Invesco Dynamics has returned 35.11% annualized over the past three years — that's almost double the S&P 500's performance for the same period. And year-to-date it's up 16.24%. Its expense ratio is an impressive 1.03%, compared to the category average of 1.56%.
T. Rowe Price Growth Stock
A less-than-hefty weighting in technology — about 35% — has helped the $6.1 billion T. Rowe Price Growth Stock fund (PRGFX) stay on its feet this year. And within that sector, manager Bob Smith has seen home runs and strikeouts. PC maker Dell Computer (DELL) is down more than 36% year-to-date, while newer purchases Ariba (ARBA), Siebel Systems (SEBL) and Juniper Networks (JNPR) are fueling returns.
On the Internet side, America Online (AOL) is still a holding, while Smith has shown Yahoo! (YHOO) the door. "I think AOL-Time Warner is a good combination," he says. "Yahoo doesn't have the breadth of product."

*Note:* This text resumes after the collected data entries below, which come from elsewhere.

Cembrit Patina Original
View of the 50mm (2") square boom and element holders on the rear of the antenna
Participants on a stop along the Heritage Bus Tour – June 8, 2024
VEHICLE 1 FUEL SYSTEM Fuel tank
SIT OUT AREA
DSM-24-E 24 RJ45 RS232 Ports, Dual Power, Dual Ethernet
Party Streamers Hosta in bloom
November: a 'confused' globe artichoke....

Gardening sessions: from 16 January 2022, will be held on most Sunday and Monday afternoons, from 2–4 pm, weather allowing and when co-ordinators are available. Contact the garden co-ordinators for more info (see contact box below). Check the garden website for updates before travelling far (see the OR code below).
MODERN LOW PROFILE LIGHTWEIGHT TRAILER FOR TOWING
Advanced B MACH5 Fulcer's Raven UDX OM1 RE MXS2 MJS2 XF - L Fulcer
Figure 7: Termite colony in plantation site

No matter what the sector, Smith looks for companies with solid management teams, high margins and strong cash generation. In technology, that combination leads him to software companies such as Microsoft (MSFT), while in consumer stocks it means beverage firms, such as Coca-Cola (KO) and PepsiCo (PEP) — both in the portfolio.

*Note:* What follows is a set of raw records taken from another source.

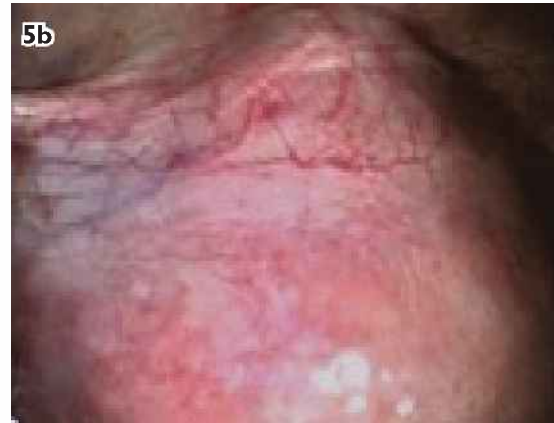
Fig. 5 Laparoscopic images show (a) Caesarean scar pregnancy (arrow) at the lower uterine segment and (b) Caesarean scar pregnancy after intramyometrial vasopressin injection.

transabdominal ultrasonography (US) revealed a viable foetus and placenta praevia major. The patient was resuscitated, and her haemoglobin level dropped from 9.0 g/dL on admission to 5.5 g/dL the following morning. She subsequently underwent exploratory laparotomy.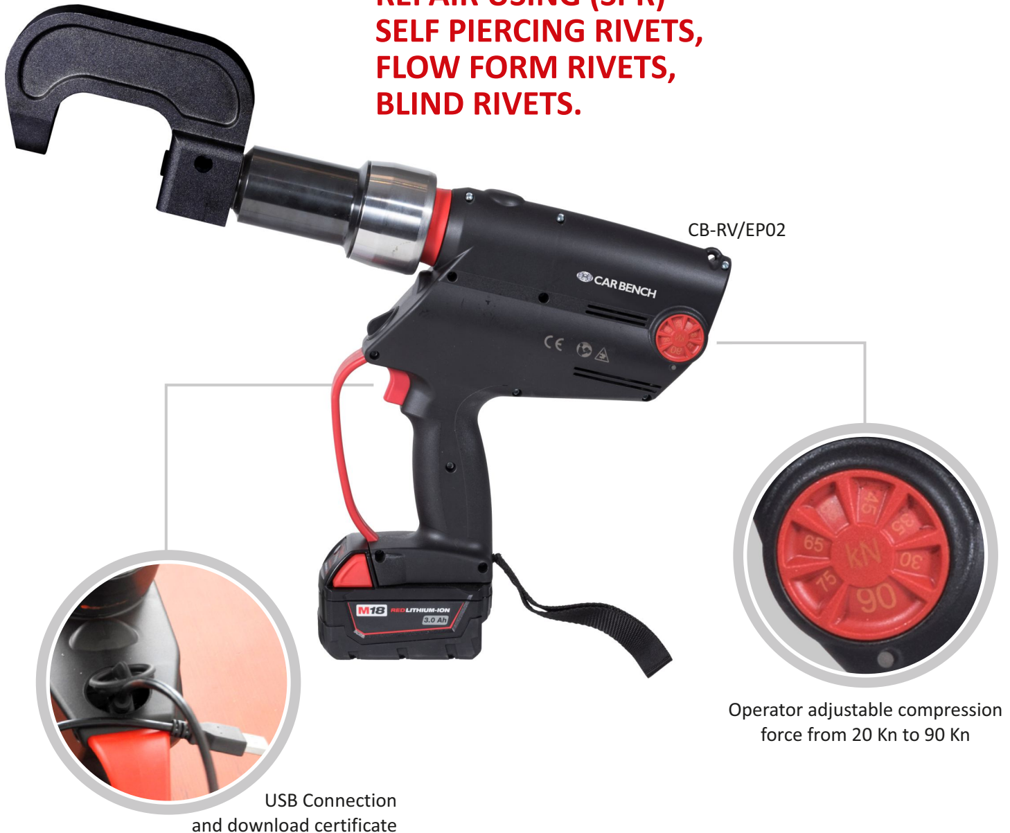
Operator adjustable compression force from 20 Kn to 90 Kn

IDEAL FOR AUTOMOTIVE REPAIR USING (SPR) SELF PIERCING RIVETS, FLOW FORM RIVETS, BLIND RIVETS.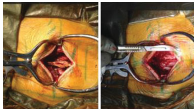
Fig. 5 Left: dorsal musculature distanced with visualization of the supraspinatus ligament and spinous process of L1. Right: after laminotomy, exposure of the dural sac to the level of the medullary cone.

From this moment, saline solutions should be avoided because they alter the responses of the EMG. The edges of the dura mater are anchored with Vicryl or nylon 4.0 to keep the channel open. The first foramen of the anterior and posterior roots, lateral to the MC, is sought. The root is found, it is divided into four parts to initiate the stimulation to pulses of 0.1 thousandth of a second to a frequency of 0.5 Hz and then 50 Hz, and then identify if we are stimulating motor or sensory fibers. In spasticity, sensory fibers are hyperactive;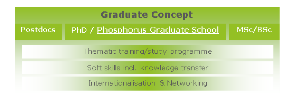
Figure 1. Graduate Concept of the Leibniz ScienceCampus Phosphorus Research Rostock

The structured training concept of the P-Campus (see figure 1) is realized by graduate studies at the Graduate School of Phosphorus Research and the involvement of other young scientists (BSc and MSc students, doctoral students, and postdocs) whose thesis or project concerns phosphorus research. All relevant information are provided to young scientific members of the P-Campus. In addition to their inclusion in events involving the P-Campus and in scientific and thematic networks, for example, those of the DPP and ESPP, they can apply to the P-Campus for grants and for financial support for internationalization (travels, publications and visiting scientists, including longer stays).

And while technology is still the fund's largest single sector, financials and health care account for 17.5% and 13% of the assets, respectively. At the moment, Pfizer (PFE) is the largest holding, followed by Cisco Systems (CSCO) and Freddie Mac (FRE).
This fund's three-year annualized return is 20.07%, placing it in the top 10% of the large-cap blend category. Year-to-date it's up 7.12%. Its expense ratio is 0.74%, well below the category average of 1.24%.
Strong Growth
Aggressive is the name of the game at the $4.3 billion Strong Growth fund (SGROX), where experienced money manager Ron Ognar is in control.
Ognar seeks out companies with above-average growth potential, but reasonable prices. Where has that led him? About half the portfolio is in technology and telecom stocks, with Juniper Networks, Cisco Systems and JDS Uniphase (JDSU) the largest holdings, according to the latest quarterly report.
Nevertheless, Ognar isn't stuck on tech. Department-store chain Kohl's (KSS) was a recent top 10 holding, as was PE Biosystems Group (PEB), a manufacturer of scientific-measurement devices. Financial and health-care stocks account for more than 25% of the portfolio's assets.
This fund's three-year annualized return of 31.28% places it in the top 10% of the large-cap growth category. Year-to-date, it's up 4.3%. And its expense ratio is 1.20% — below the 1.45% norm for the group.